- [TASK ITEM]: Could you write out, exactly as they stand, only the lines in the listing below from the line with "近日虽部分原厂针对包括LPD" to the line with "가을 남성용 미국식 속건성", both ends included, without the pictures?

- [EXERCISE MATERIALS]:
>>>>>

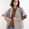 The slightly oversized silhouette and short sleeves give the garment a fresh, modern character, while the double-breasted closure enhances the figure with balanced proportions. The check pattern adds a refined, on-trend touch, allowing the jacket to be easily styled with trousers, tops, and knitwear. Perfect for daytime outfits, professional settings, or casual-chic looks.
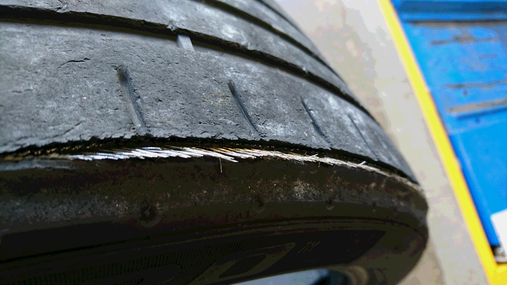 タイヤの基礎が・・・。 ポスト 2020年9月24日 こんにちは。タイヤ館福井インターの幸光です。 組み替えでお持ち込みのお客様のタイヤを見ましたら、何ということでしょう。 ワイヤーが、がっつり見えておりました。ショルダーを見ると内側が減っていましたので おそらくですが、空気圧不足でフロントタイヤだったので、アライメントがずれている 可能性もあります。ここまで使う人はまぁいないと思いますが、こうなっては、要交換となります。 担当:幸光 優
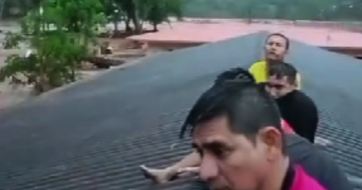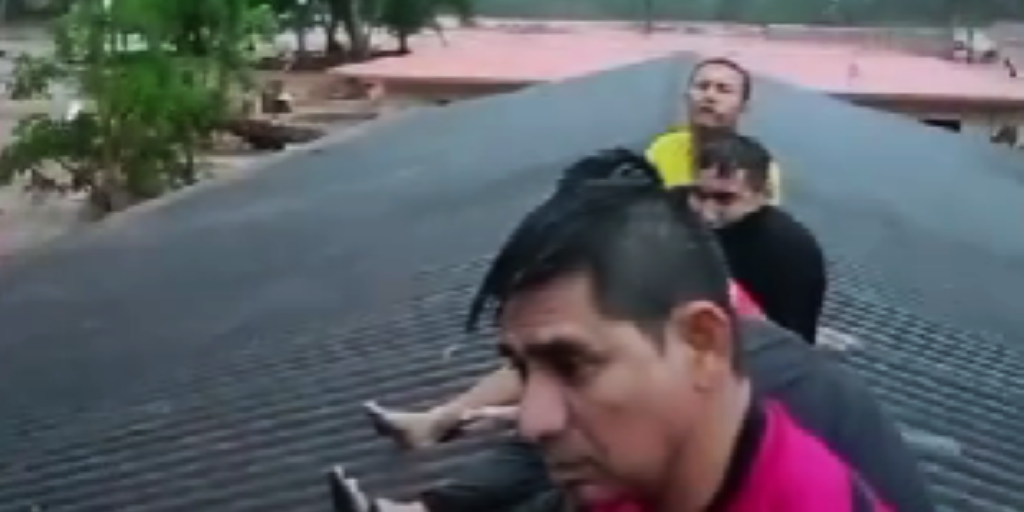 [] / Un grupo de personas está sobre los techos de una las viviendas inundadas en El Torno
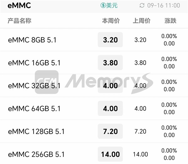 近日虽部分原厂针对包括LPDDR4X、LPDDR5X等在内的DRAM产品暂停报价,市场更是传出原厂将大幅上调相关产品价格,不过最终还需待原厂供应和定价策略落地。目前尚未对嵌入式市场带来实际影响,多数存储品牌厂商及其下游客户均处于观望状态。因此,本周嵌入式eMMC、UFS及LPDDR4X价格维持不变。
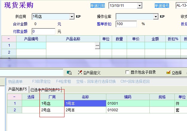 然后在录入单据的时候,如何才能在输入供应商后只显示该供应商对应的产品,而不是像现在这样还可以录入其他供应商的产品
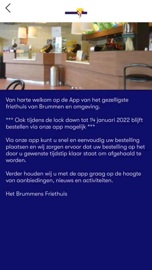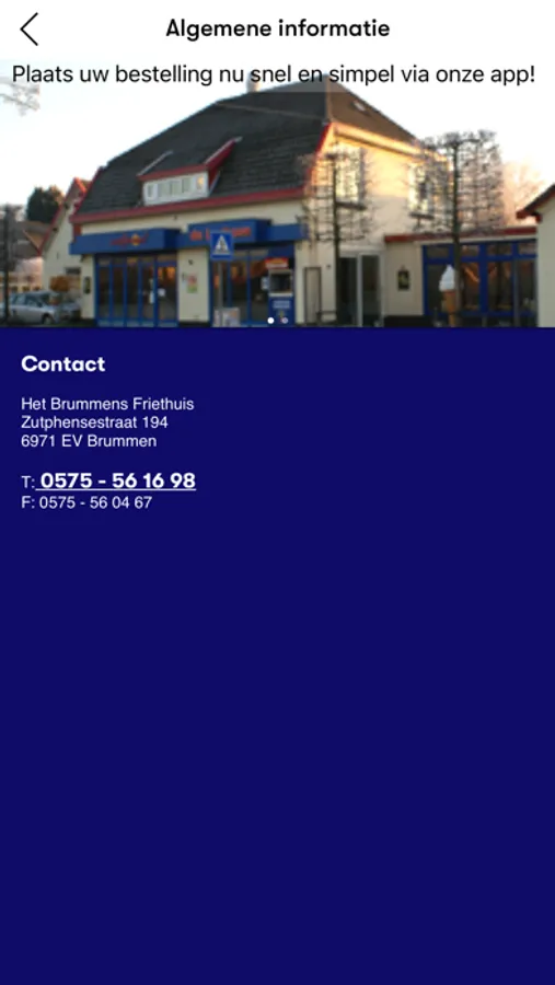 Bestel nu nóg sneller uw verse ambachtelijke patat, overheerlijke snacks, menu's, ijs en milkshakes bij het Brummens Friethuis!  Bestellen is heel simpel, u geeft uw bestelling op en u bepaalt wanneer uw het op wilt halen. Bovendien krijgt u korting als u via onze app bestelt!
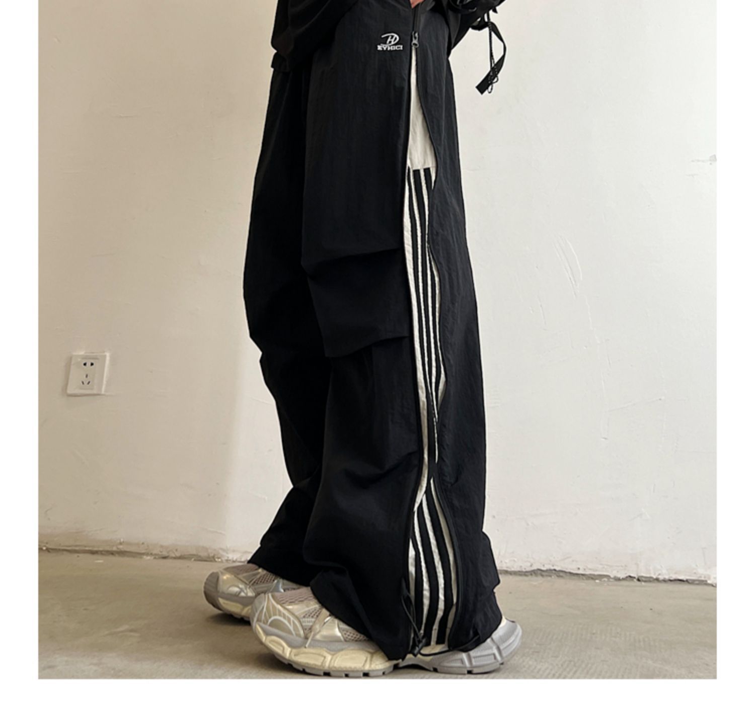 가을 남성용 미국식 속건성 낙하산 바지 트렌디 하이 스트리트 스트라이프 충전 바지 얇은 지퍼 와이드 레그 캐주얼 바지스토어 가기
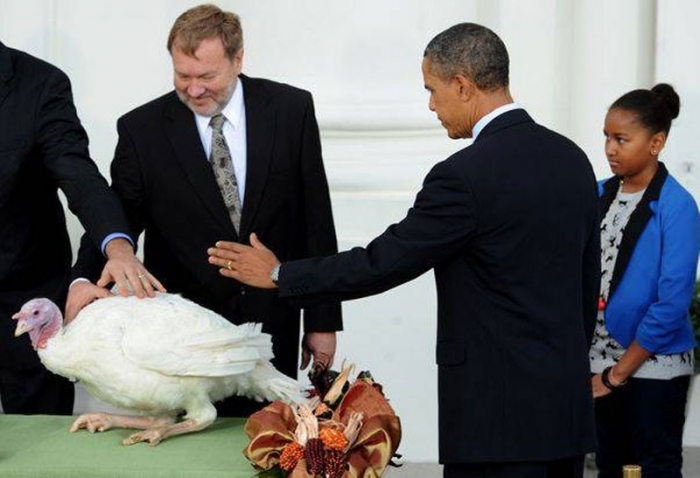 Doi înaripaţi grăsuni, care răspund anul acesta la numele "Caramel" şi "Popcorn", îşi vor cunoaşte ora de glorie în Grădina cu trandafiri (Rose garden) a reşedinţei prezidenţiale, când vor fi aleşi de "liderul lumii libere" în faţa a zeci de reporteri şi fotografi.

<<<<<
>>>>>

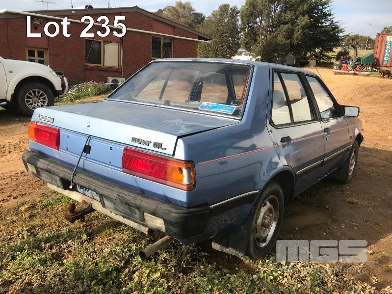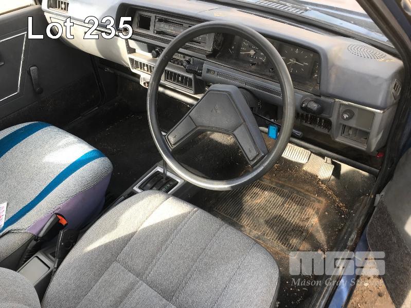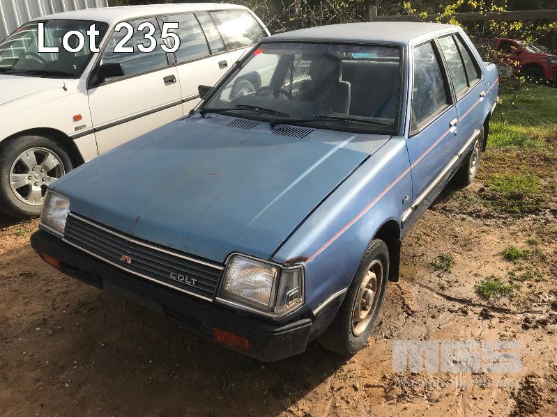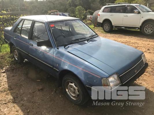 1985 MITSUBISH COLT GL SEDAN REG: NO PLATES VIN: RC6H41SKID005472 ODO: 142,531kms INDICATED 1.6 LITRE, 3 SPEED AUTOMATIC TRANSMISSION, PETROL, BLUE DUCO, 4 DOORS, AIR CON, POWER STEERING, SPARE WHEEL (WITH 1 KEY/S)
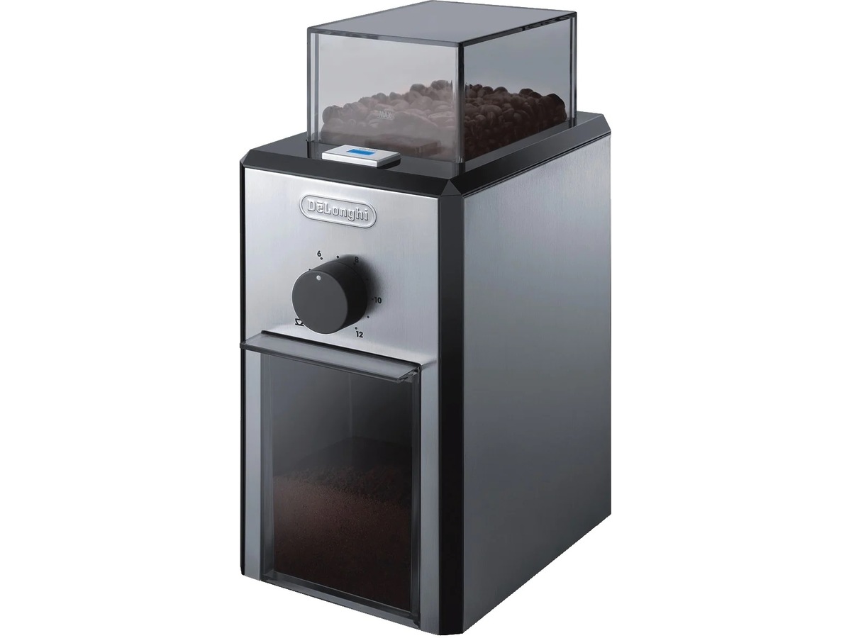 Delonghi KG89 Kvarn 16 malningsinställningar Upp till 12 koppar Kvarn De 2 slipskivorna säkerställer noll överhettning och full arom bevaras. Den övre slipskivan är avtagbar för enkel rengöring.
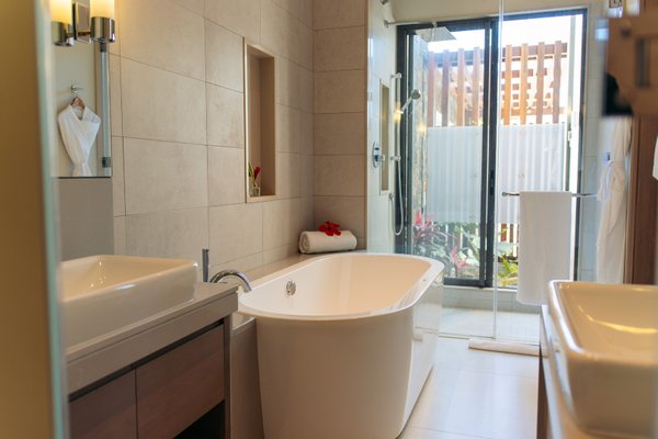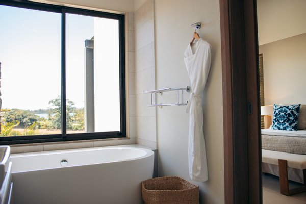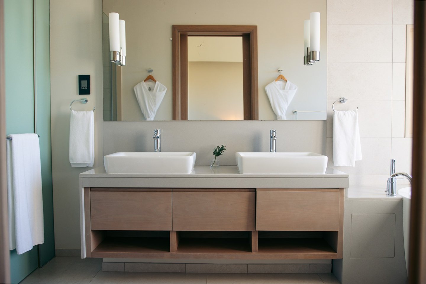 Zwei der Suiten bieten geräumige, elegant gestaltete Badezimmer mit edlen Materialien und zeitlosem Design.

<<<<<
>>>>>

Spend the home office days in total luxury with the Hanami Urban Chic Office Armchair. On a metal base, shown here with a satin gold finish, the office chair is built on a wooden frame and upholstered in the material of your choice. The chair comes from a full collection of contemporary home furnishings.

<<<<<

- [RESPONSE TO THIS EXERCISE]:
 近日虽部分原厂针对包括LPDDR4X、LPDDR5X等在内的DRAM产品暂停报价,市场更是传出原厂将大幅上调相关产品价格,不过最终还需待原厂供应和定价策略落地。目前尚未对嵌入式市场带来实际影响,多数存储品牌厂商及其下游客户均处于观望状态。因此,本周嵌入式eMMC、UFS及LPDDR4X价格维持不变。
 然后在录入单据的时候,如何才能在输入供应商后只显示该供应商对应的产品,而不是像现在这样还可以录入其他供应商的产品
 Bestel nu nóg sneller uw verse ambachtelijke patat, overheerlijke snacks, menu's, ijs en milkshakes bij het Brummens Friethuis!  Bestellen is heel simpel, u geeft uw bestelling op en u bepaalt wanneer uw het op wilt halen. Bovendien krijgt u korting als u via onze app bestelt!
 가을 남성용 미국식 속건성 낙하산 바지 트렌디 하이 스트리트 스트라이프 충전 바지 얇은 지퍼 와이드 레그 캐주얼 바지스토어 가기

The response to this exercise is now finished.